Northern Ember Smoke BBQ website homepage with the logo and a pulled pork sandwich
The homepage, live at northern-ember.ca.
The project

A real site for a real food truck

Northern Ember is a Texas-inspired BBQ food truck that fired up its smoker in 2026, parked in the Canadian Tire lot in Bancroft, Ontario. I built the website for it: a single, polished marketing page that shows off the menu, the food, and where to find the truck.

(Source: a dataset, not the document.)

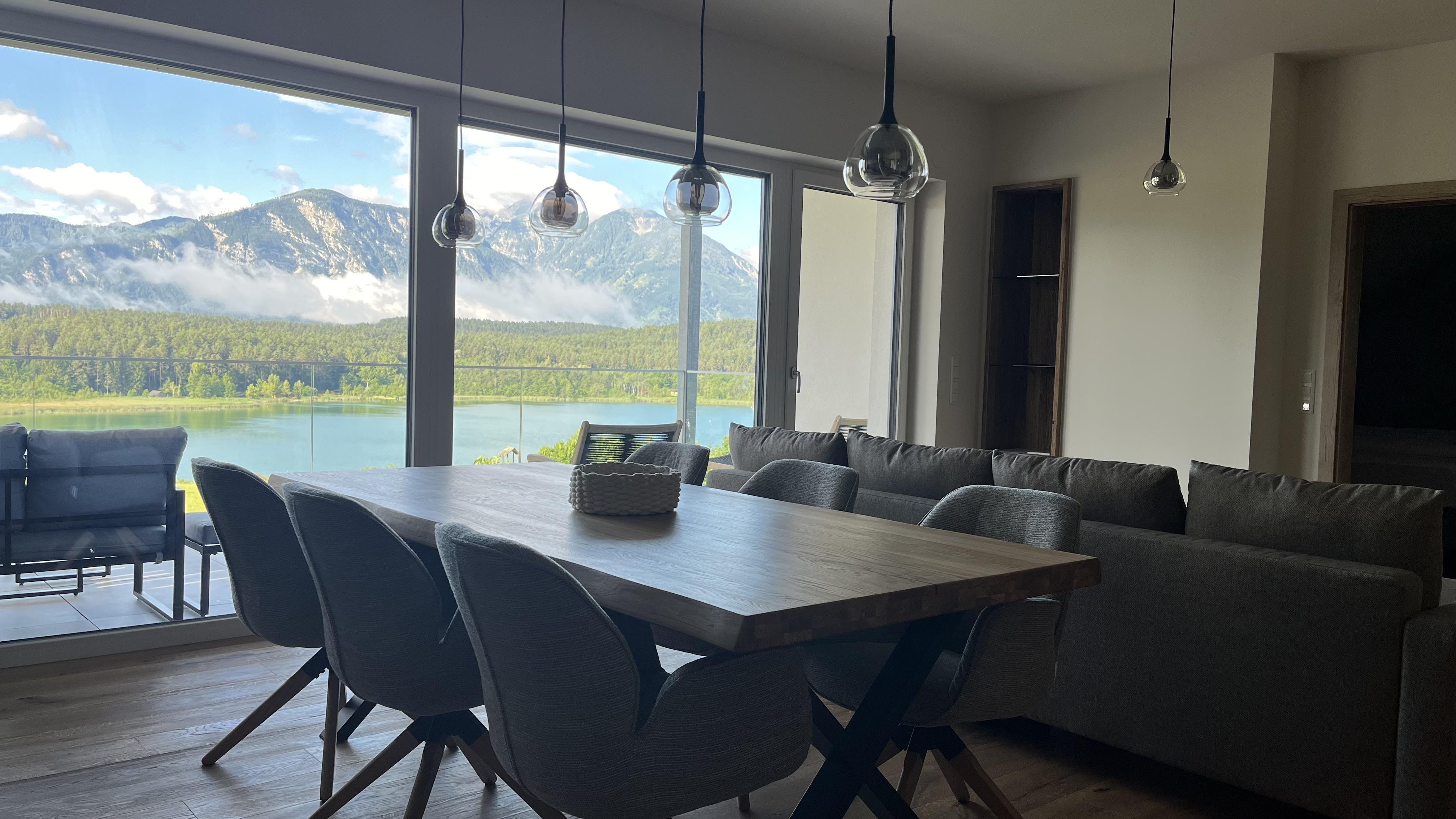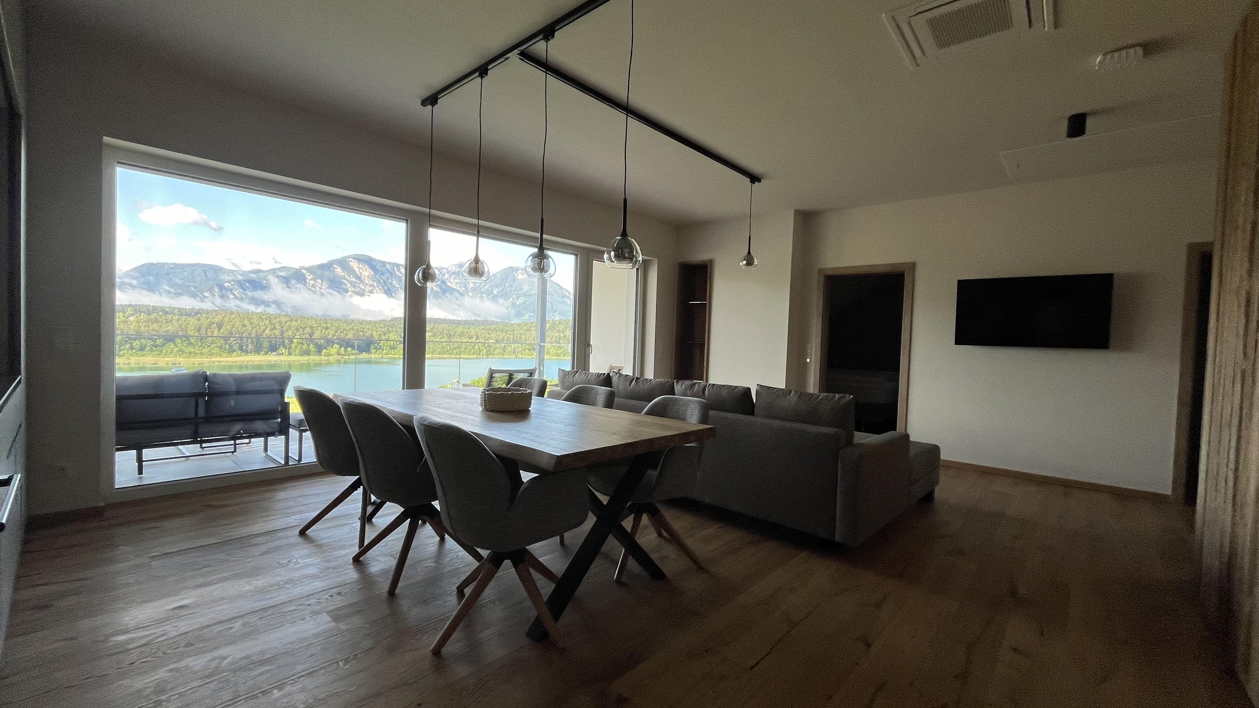 Der Wohnraum besticht mit seiner großen Glasfront, die direkt auf die Terrasse führt. Im Wohnraum befindet sich eine moderne Küche, ausgestattet mit Kühlschrank, Gefrierfach, Ceranfeld, Backrohr, Geschirrspüler, Spüle, Kaffeemaschine und Wasserkocher. Die Küche enthält ein vollständiges Besteck- und Geschirrservice. Der Esstisch, für bis zu 6 Personen, ermöglicht einen einzigartigen Ausblick auf den See während dem Essen. Zum Entspannen lädt die große Couch mit Fernseher ein. Bei mehr als 5 Personen, findet eine weitere Person auf der gemütlichen Ausziehcouch Platz.

It is the most real-world coding project I have done. It is not an assignment, it is a site that actual customers visit to check the menu and call ahead to order.

My role

I set the site up, sampled the brand colours from the logo, and got the menu, gallery, and contact details wired together. These days I maintain it myself, hand-editing the code whenever the menu, hours, or details change.

A look around the site

The story, the menu, the food, and where to find the truck. Click any screen to view it full size.

How it's built

Lightweight and dependency-free, so it stays fast and easy for me to update.

Plain HTML, CSS & JS

No framework and no build step, just plain HTML, CSS, and a small JavaScript file. It loads fast and is simple to host and maintain.

Custom brand design

A brand palette sampled from the logo (smoke green, cream, and ember orange), paired with the Oswald, Lato, and Yellowtail fonts, laid out to feel like the truck itself.

Responsive & interactive

A responsive layout with a mobile nav menu, a gallery lightbox, and every contact detail wired up: click-to-call, email, Facebook, and a Google reviews link.

Why I like this one

Built once, maintained for real

Most of my coding projects are assignments that end when they are graded. This one keeps going. I have learned how a brand goes from a single logo to a full site and how to keep a live website current as a real business changes, since I hand-edit and update it myself.